On a motion to dismiss for failure to state a cause of action under CPLR 3211(a)(7), a court must "accept the facts as alleged in [a] complaint as true, accord plaintiffs the benefit of every possible favorable inference, and determine only whether the facts as alleged fit within any cognizable legal theory" (Leon v Martinez, 84 NY2d 83, 87-88; see Connaughton v Chipotle Mexican Grill, Inc., 29 NY3d 137, 141). "However, such favorable treatment is not limitless, and dismissal is warranted if the plaintiff fails to assert facts in support of elements of the claim" (O'Neill v Wilder, 204 AD3d 823, 823-824). "'[A]llegations consisting of bare legal conclusions as well as factual claims flatly contradicted by documentary evidence are not entitled to any such consideration'" (Simkin v Blank, 19 NY3d 46, 52, quoting Maas v Cornell Univ., 94 NY2d 87, 91). "Dismissal of the complaint is warranted if the plaintiff fails to assert facts in support of an element of the claim, or if the factual allegations and inferences to be drawn from them do not allow for an enforceable right of recovery" (Connaughton v Chipotle Mexican Grill, Inc., 29 NY3d at 142).
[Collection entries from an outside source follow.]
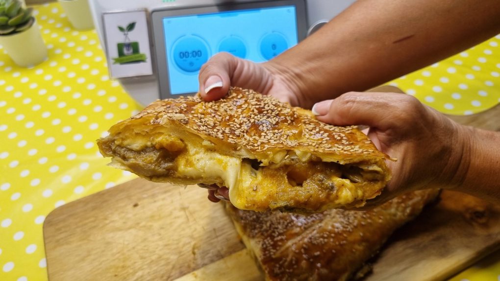 Posizionare la pasta sfoglia su una teglia rivestita con carta da forno, mettere al centro la zucca con i funghi, la provala e chiudere bene formando lo strudel. Sigillare bene i bordi, spennellare la superficie con il tuorlo, spolverizzare con il semi di sesamo e cuocere in forno preriscaldato ventilato a 180 gradi per 35-40 minuti. Terminata la cottura lasciare intiepidire e servire.
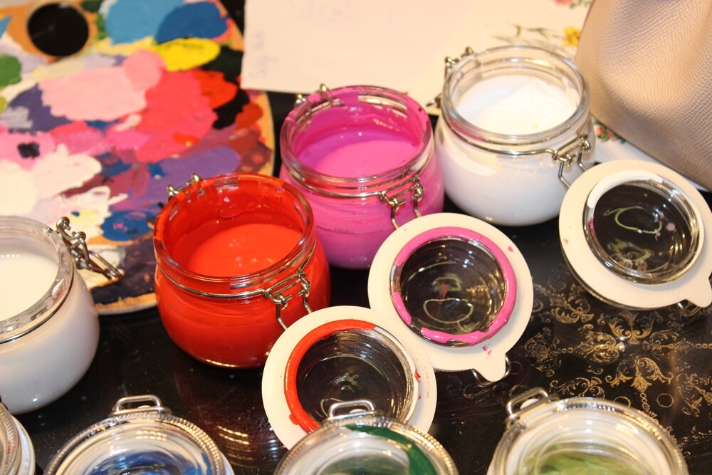 Конечно, я не смогла не задать вопрос по поводу красок. Ответ - специальные профессиональные краски для кожи. Красивые, яркие, стойкие.
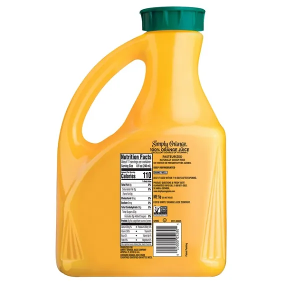 Details Ingredients 100% ORANGE JUICE Product features Experience the delicious taste of Simply beverages. Our juices, juice drinks, and lemonades are delicious, so try them all and find your favorite. Product Features Not from concentrate 110 calories per 8 fl oz serving 100% orange juice A full day's supply of vitamin C Naturally sodium free No water or preservatives added Kosher - P Produced for Simply Orange Juice Company, Apopka, FL, 32703, U.S.A. www.simplyorangejuice.com ©2016 Simply Orange Juice Company. Patent Pending Net Quantity of Content 11.0 X 8 Oz.
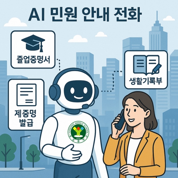 [충청25시] 유성중학교는 대전에서 학교 최초로 인공지능 기술을 접목한 AI 민원 안내 전화 서비스를 2025년 5월부터 개통해, 학부모 및 시민들이 제증명 발급 업무를 더욱 쉽고 편리하게 안내받을 수 있도록 한다고 밝혔다.

"[A]ffidavits may be used freely to preserve inartfully pleaded . . . but potentially meritorious claims" (Rovello v Orofino Realty Co., 40 NY2d 633, 635), and "a court may freely consider affidavits submitted by the plaintiff to remedy any defects in the complaint" (Leon v Martinez, 84 NY2d at 88). "'Where a court considers evidentiary material in determining a motion to dismiss a complaint pursuant to CPLR 3211(a)(7), but does not convert the motion into one for summary judgment, the criterion becomes whether the plaintiff has a cause of action, not whether the plaintiff has stated one, and unless the movant shows that a material fact as claimed by the plaintiff is not a fact at all and no significant dispute exists regarding the alleged fact, the complaint shall not be dismissed'" (Lopez v Lozner & Mastropietro, P.C., 166 AD3d 871, 872, quoting Bodden v Kean, 86 AD3d 524, 526; see Guggenheimer v Ginzburg, 43 NY2d 268, 275).

"A joint venture is 'an association of two or more persons to carry out a single business enterprise for profit, for which purpose they combine their property, money, effects, skill and knowledge'" (Kaufman v Torkan, 51 AD3d 977, 979, quoting Williams v Forbes, 175 AD2d 125, 126). "It is in a sense a partnership for a limited purpose, and it has long been recognized that the legal consequences of a joint venture are equivalent to those of a partnership" (Gramercy Equities Corp. v Dumont, 72 NY2d 560, 565).